— Ты хочешь приказать разуму, — говорю я с досадой, — на то-то дерзай, на то-то не смей замахиваться. Кто установит границу между дозволенным и недозволенным?
— Да сам же разум, золотко. Не кто другой, а разум открыл нам вселенское чудище — разбросанные по пространству несчетные галактики и нас среди них, нечто невразумительно малое, греющееся у жалкой звезды. Если ты действительно разумен, то сообрази: что можем сделать мы… мы с миром?! Перевернуть его развитие по нашему желанию — ха! Согласись, что глупо… В награду за твою милую доверчивость я сейчас постараюсь напоить тебя чаем. Сиди и жди, не смей срываться. Вот тебе твой Босх…
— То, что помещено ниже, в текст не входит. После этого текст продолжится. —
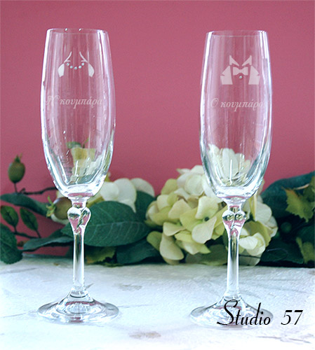 Πρωτότυπη χάραξη σε ποτήρια σαμπάνιας.

Она любит обрывать спор в самом накале, но уже тогда, когда, по ее мнению, противник прижат — пока не осознал поражения, пусть дозревает сам с собой, почувствует свое ничтожество, постигнет ее великодушное величие. Чай появляется в каждую нашу встречу, но всегда в разное время, всегда он некая торжествующая пауза.
Как-то однажды я наткнулся в ее книгах на цветную, роскошно изданную монографию — Иероним Босх. И каждый раз, как только выдавалась свободная минута, я со странным, почти нездоровым любопытством начинал смаковать изощренные кошмары, созданные больным воображением этого средневекового художника: всадники с репейными головами на опрокинутых кувшинах, зеленые ведьмы с чешуйчатыми хвостами, уши, отрубленные человечьи уши, зажавшие карающий нож, умиление в соседстве с агонией, целомудренность в обнимку с развратом, наслаждение и рвотность, тошнотворнейшие химеры и лица людей тошнотнее химер. От этого необузданного безумия, от буйного до безобразия хаоса надрывных страстей я сам начинал разлаживаться — чувствовал отвращение и упивался, отдавал себе отчет, что это воспаленный бред свихнувшегося гения, и мучительно искал в нем разумную логику, настраивал себя на иронический лад и испытывал озноб. Мне и неприятно мое нездоровое раздвоение и доставляет удовольствие, почти что мстительность, только не понять — мстительность кому?.. Зульфия не видела ничего странного в моем интересе к Босху, без задней мысли подсовывала — развлекись на досуге.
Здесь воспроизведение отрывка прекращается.